That hasn’t stopped you before, Carnistir thought. He was now quite certain the rumours were true about Angaráto and his ‘experiments’ with his Telerin cousins. Those Falmari were all a bit wild – the Sea did that to people. Carnistir found himself hoping that it was indeed limited to Eärwen’s side of the family. His own kin, his own brothers even, he did not like the idea of sharing– No! he chided himself silently. Absolutely not, Carnistir, you idiot.

“Well, I’m getting out, then.” Angaráto swam towards the opposite bank and hoisted himself up.
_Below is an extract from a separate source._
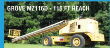
GROVE MZ116D - 116 FT REACH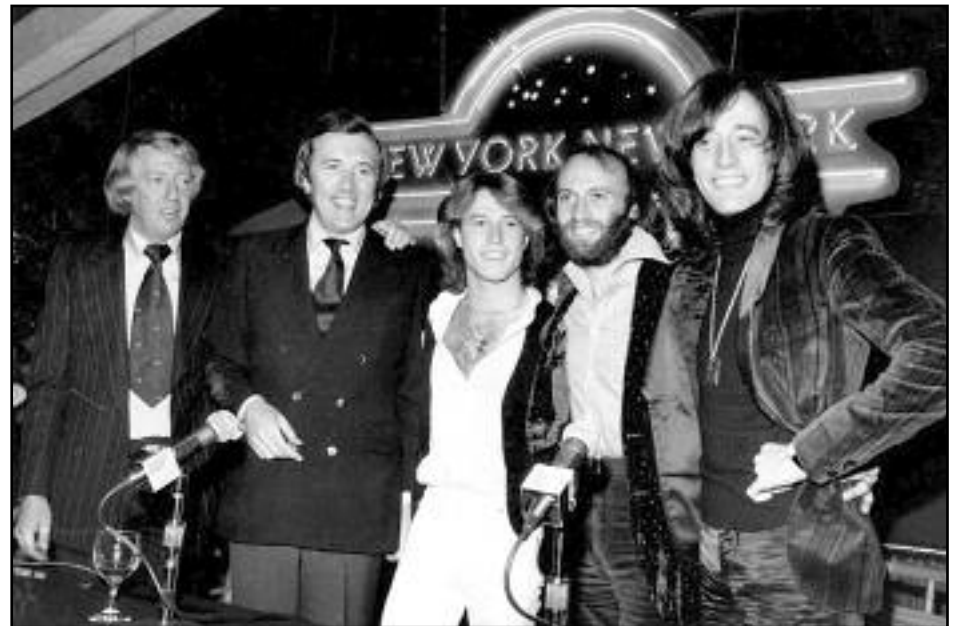
GLORY DAYS: Stigwood with David Frost, and Andy, Maurice and Robin Gibb

After an unpromising spell as an orderly at a sanitarium, Stigwood moved into regional theatre before spotting John Leyton a handsome young singer who he believed could propel him to the big time. After changing the singer's name to John St Cyr and landing him a part on a popular TV soap opera of the time, Stigwood saw his young charge's debut single, Johnny Remember Me , top the British charts, propelling Stigwood onto the A-list of music managers in 1960s London, where he made plenty of enemies with his aggressive attempts to poach talent from other managers. One day he crossed the wrong man, when he tried to lure the Small Faces from Don

Carnistir’s eyes strayed to his waist. If his cousin was similarly aroused, at least they would be on equal footing, he could feel a little less ashamed of his own reaction, and maybe, if they told no one… but all he got was a view of his pert buttocks as he hastily wrapped himself in a towel.
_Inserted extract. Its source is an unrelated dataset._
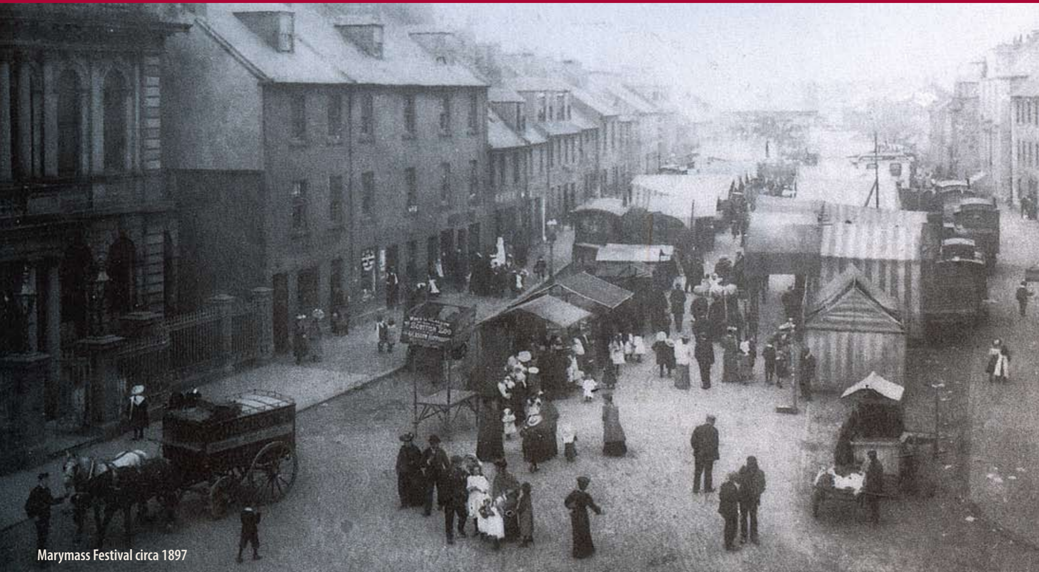
Marymass Festival circa 1897

Carnistir sank down into the water. “I think I will stay a bit longer.”

“As you wish.” Angaráto tossed a glance over his shoulder, his expression cool and collected.

He was long gone and Carnistir was turning pruny before he finally gave in and made short work of his insistent arousal. It was better this way, he thought, allowing a little moan to escape as his head tipped back and he released himself of the absurd fantasies of Arafinwë’s most irritatingly brash, most aggravatingly witty, most roguishly handsome son.
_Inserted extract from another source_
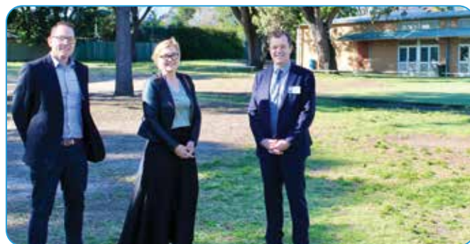
Woolooware Public School

Burraneer Bay Public School's playing oval has undergone an impressive transformation, helped by a $200,000 grant from the NSW Government's My Community Project program. Congratulations to the P&C, which prepared a strong application and generated online community support.

He was not wrong. It did take the edge off.

* * *

Aikanáro stretched and yawned loudly. He brought one arm down on his brother’s shoulder. “Enjoy the stars, you two. I don’t think I can stay up any longer. It was a long hunt.”

Even this far south of Ezellohar the stars appeared for less than an hour, just before Laurelin began to wax. Angaráto leaned back on his hands and nodded as his brother stumbled off to bed. No doubt part of his exhaustion was from the hunt, but he’d had more than his fair share of the local sugarcane liquor as well. Angaráto chuckled to himself. Poor thing would wake up with a horrible headache in the morning.

Beside him, Carnistir prodded the fire with a stick. Angaráto was not sure when or how the grumpiest Fëanárion had ended up next to him.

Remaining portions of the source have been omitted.